*Dataset content:*
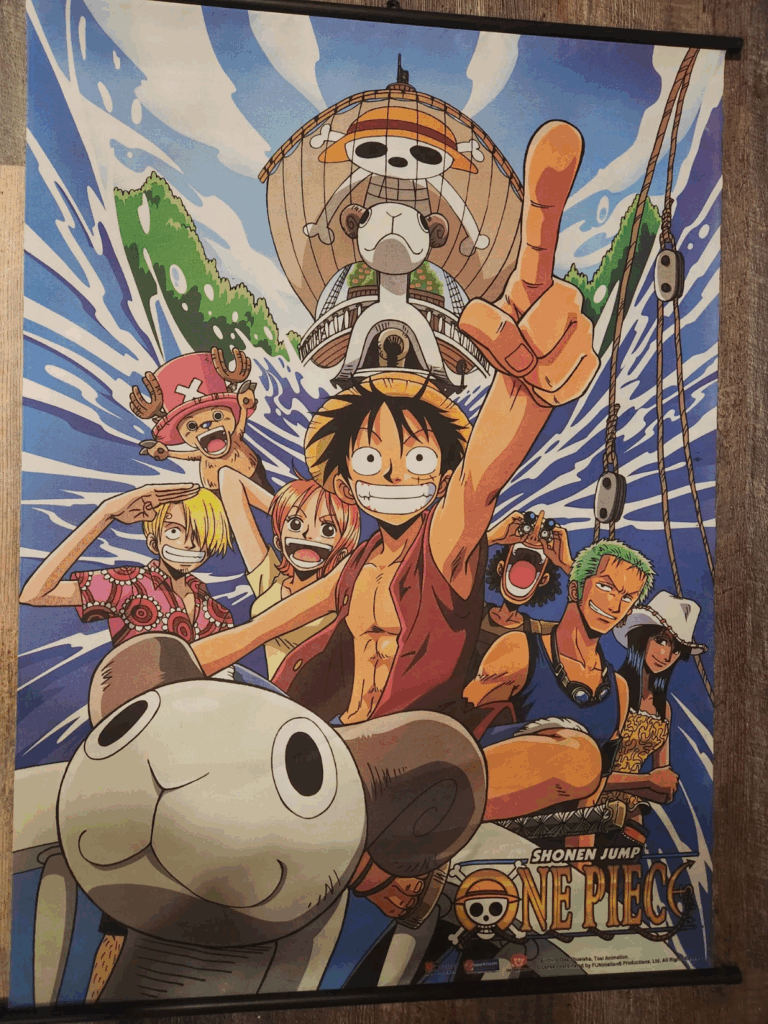 One Piece wall scrolls, introduced in the early 2000s, are another essential piece of anime memorabilia. These scrolls often depict scenes of the Straw Hat Pirates, with Luffy in the center of most designs. Made from durable fabric, the scrolls are typically around 35×50 cm, making them perfect for display. The cost of a standard scroll generally ranges from $20 to $40, though limited editions can go for higher prices. Fans of the show appreciate the intricate art and vibrant colors.
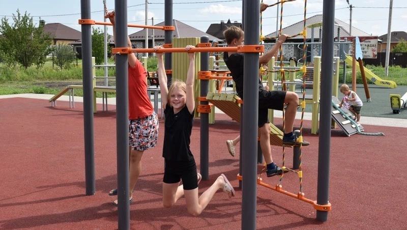 Работы начались в апреле этого года. Специалисты установили безопасные игровые комплексы, песочницы и качели, воркаут-площадку, сделали освещение и ограждение, а также уложили асфальтовое и резиновое покрытие и тротуарную дорожку.
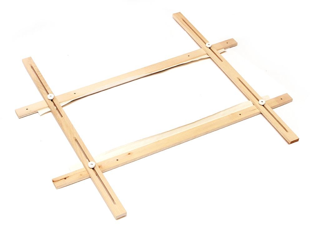 Гобеленовая рама представляет собой деревянный прямоугольник, к которому канва крепится только сверху и снизу.
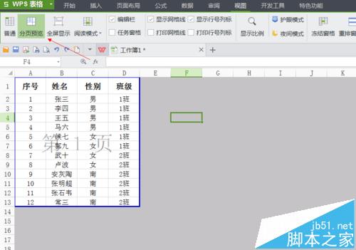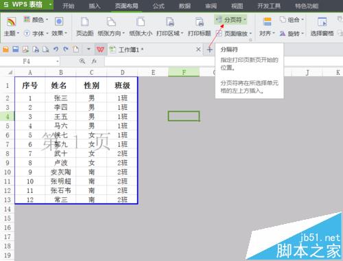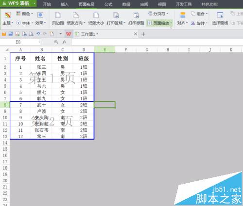 一张表格里面含有两个班级的信息,现在需要将这张表格分页打印,一个班级是一页,应该如何设置呢?

*About this task:* The expected answer is an unaltered copy of the listing, images removed.

*Exercise answer:*
 One Piece wall scrolls, introduced in the early 2000s, are another essential piece of anime memorabilia. These scrolls often depict scenes of the Straw Hat Pirates, with Luffy in the center of most designs. Made from durable fabric, the scrolls are typically around 35×50 cm, making them perfect for display. The cost of a standard scroll generally ranges from $20 to $40, though limited editions can go for higher prices. Fans of the show appreciate the intricate art and vibrant colors.
 Работы начались в апреле этого года. Специалисты установили безопасные игровые комплексы, песочницы и качели, воркаут-площадку, сделали освещение и ограждение, а также уложили асфальтовое и резиновое покрытие и тротуарную дорожку.
 Гобеленовая рама представляет собой деревянный прямоугольник, к которому канва крепится только сверху и снизу.
 一张表格里面含有两个班级的信息,现在需要将这张表格分页打印,一个班级是一页,应该如何设置呢?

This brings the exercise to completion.